I am studying which country in the Caribbean would be the best for me to live. I run a dot-com business, thus I don't need a local job. Following the tip of another poster from this forum, I am trying to collect more info on Sint Marteen/Saint Martin. So far I discovered this:

Residence permit for the Caribbean Netherlands, Aruba, Sint Maarten or Curaao - The Royal Netherlands Embassy in Washington DC

I'd love to hear from people that lives or have lived there to give me some more realistic ideas of how the island is like, how is living there, and how realisticly a foreigner can open and run a business there (found only a couple of info using Google, mostly saying that it is very complicated).

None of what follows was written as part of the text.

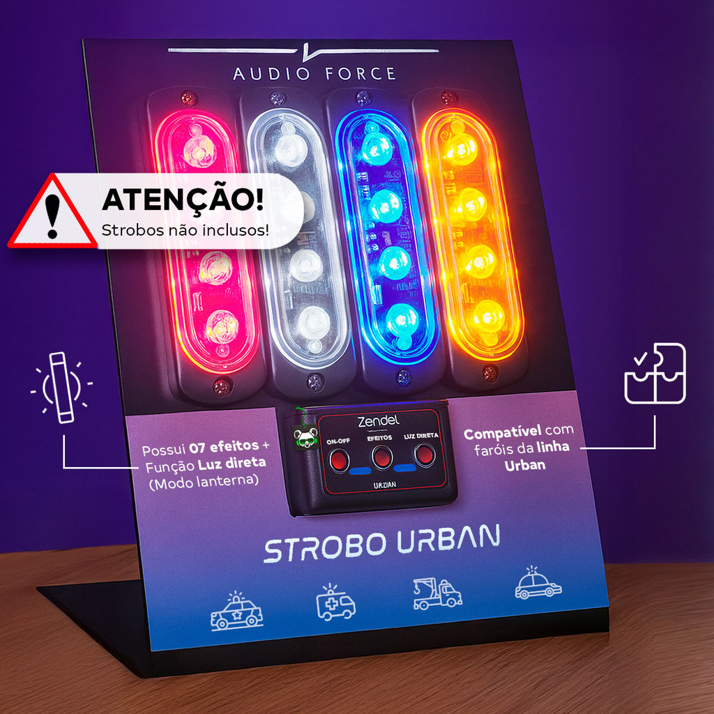 Central Strobo Urban 7 Efeitos 2 Saída Ambulancia Policia Giroflex Guincho 12/24v Zendel
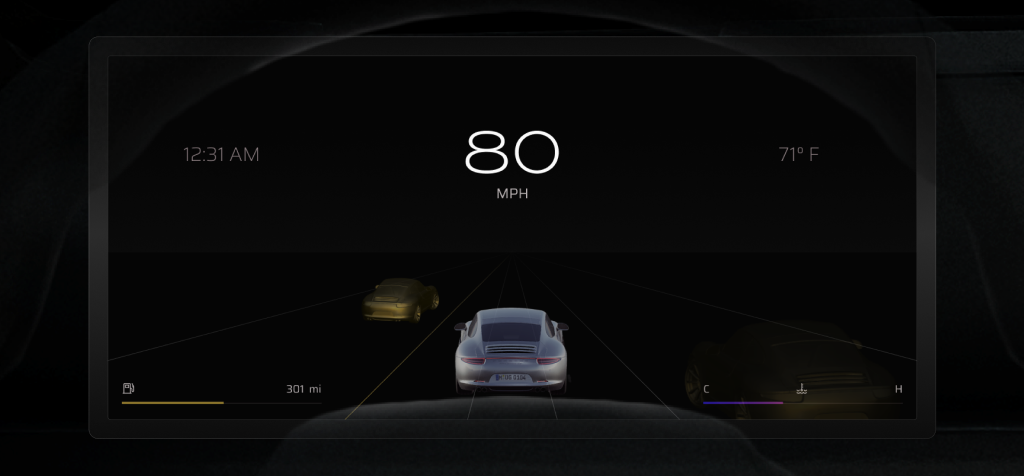 Porsche cluster design architecture and information is in my opinion one of the leading experiences of luxury performance. However, the monochromatic and technical minimalism leaves more Porsche flavor to be desired.

Thanks in advance for any information.


----------



## jkveenstra (Feb 7, 2011)

Recently the Netherlands Antilles had a state reform. 

I'm not allowed to publish any URL's since i'm new here. But search in Google for the article: 

"Netherlands Antilles about to disappear Loyens & Loeff" 

I don't know the influence on immigration issues. 

A friend of mine runs a company through Caracao. Supposibly you have some tax advantages. You can read about them is this dutch article. (Google will help you translate ;-) )

Search for: "Curacao gunstig voor e-commerce bedrijven (PWC).pdf" 

I f you don't understand the translation, I will help you out.


----------



## BlackBelt (Jan 18, 2011)

Loyens & Loeff - Netherlands Antilles about to disappear

Basically St Marteen will be a separate country, but still part of the Kingdom of the Netherlands, and a new currency will be created, and it seems it will gain more independence. It seems that everything will stay as it is right now. I have to see what changes for immigration, so far what I found out was posted on my original message, nothing seems to have changed, at least so far.

If you know anyone living there that you could put me in contact with I'd appreciate.

Thanks once again.


----------